In 2130, an unusual cylindrical object was observed approaching our solar system from the reaches of interstellar space. By that time, most thoughtful humans had concluded mat life was scarce in the universe and that intelligence, if it existed anywhere except on Earth, was exceedingly rare. How else, the scientists contended, can we possibly explain the lack of positive results from all our careful extraterrestrial search efforts of the last century?
The Earth was therefore stunned when, upon closer inspection, the object entering our solar system in 2130 was identified unambiguously as an artifact of alien origin. Here was undeniable proof that advanced intelligence existed, or at least had existed at some prior epoch, in another part of the universe. When an ongoing space mission was diverted to rendezvous with the drab cylindrical behemoth, which turned out to have dimensions greater than the largest cities on Earth, the investigating cosmonauts found mystery after mystery. But they were unable to answer the most fundamental questions about the enigmatic alien spacecraft. The intruder from the stars provided no definitive clues about its origin or purpose.
That first group of human explorers not only cataloged the wonders of Rama (the name chosen for the gigantic cylindrical object before it was known to be an extraterrestrial artifact), but also explored and mapped its interior. After the exploration team left Rama and the alien spaceship dove around the Sun, departing from the solar system at hyperbolic velocity, scientists thoroughly analyzed all the data that had been gathered during the mission. Everyone acknowledged that the human visitors to Rama had never encountered the actual creators of the mysterious spacecraft. However, the careful postflight analysis did reveal one inescapable principle of Raman redundancy engineering. Every critical system and subsystem in the vehicle had two backups.
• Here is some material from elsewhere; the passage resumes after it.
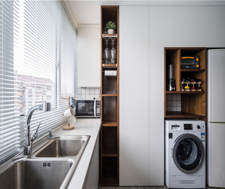 餐廳原有的空間非常的有限,設(shè)計師設(shè)計了入戶鞋柜和卡座相結(jié)合的做法,既節(jié)省了空間又保證了功能。

The Ramans designed everything in threes. The scientists considered it very likely that two more similar spacecraft would soon follow.
The years immediately after the visit from Rama I in 2130 were full of expectation on the Earth. Scholars and politicians alike proclaimed that a new era in human history had begun. The International Space Agency (ISA), working with the Council of Governments (COG), developed careful procedures for handling the next visit from the Ramans. All telescopes were trained on the heavens, competing with each other for the acclaim that would come to the individual or observatory who first located the next Rama spacecraft. But there were no additional sightings.
In the second half of the 2130s an economic boom, fueled partially during its last stages by worldwide reactions to Rama, came to an abrupt halt. The world was plunged into the deepest depression in its history, known as the Great Chaos, which was accompanied by widespread anarchy and destitution. Virtually all scientific research activity was abandoned during this sorrowful era, and after several decades in which they were forced to address more mundane problems, people on the Earth had nearly forgotten the unexplained visitor from the stars.
In 2200 a second cylindrical intruder arrived in the solar system. The citizens of Earth dusted off the old procedures that had been developed after the first Rama had departed, and prepared to rendezvous with Rama II. A crew of twelve was chosen for the mission. Soon after the rendezvous, the dozen reported that the second Rama spacecraft was nearly identical to its predecessor. The humans encountered new mysteries and wonders, including some alien beings, but were still unable to answer questions about the origin and purpose of Rama.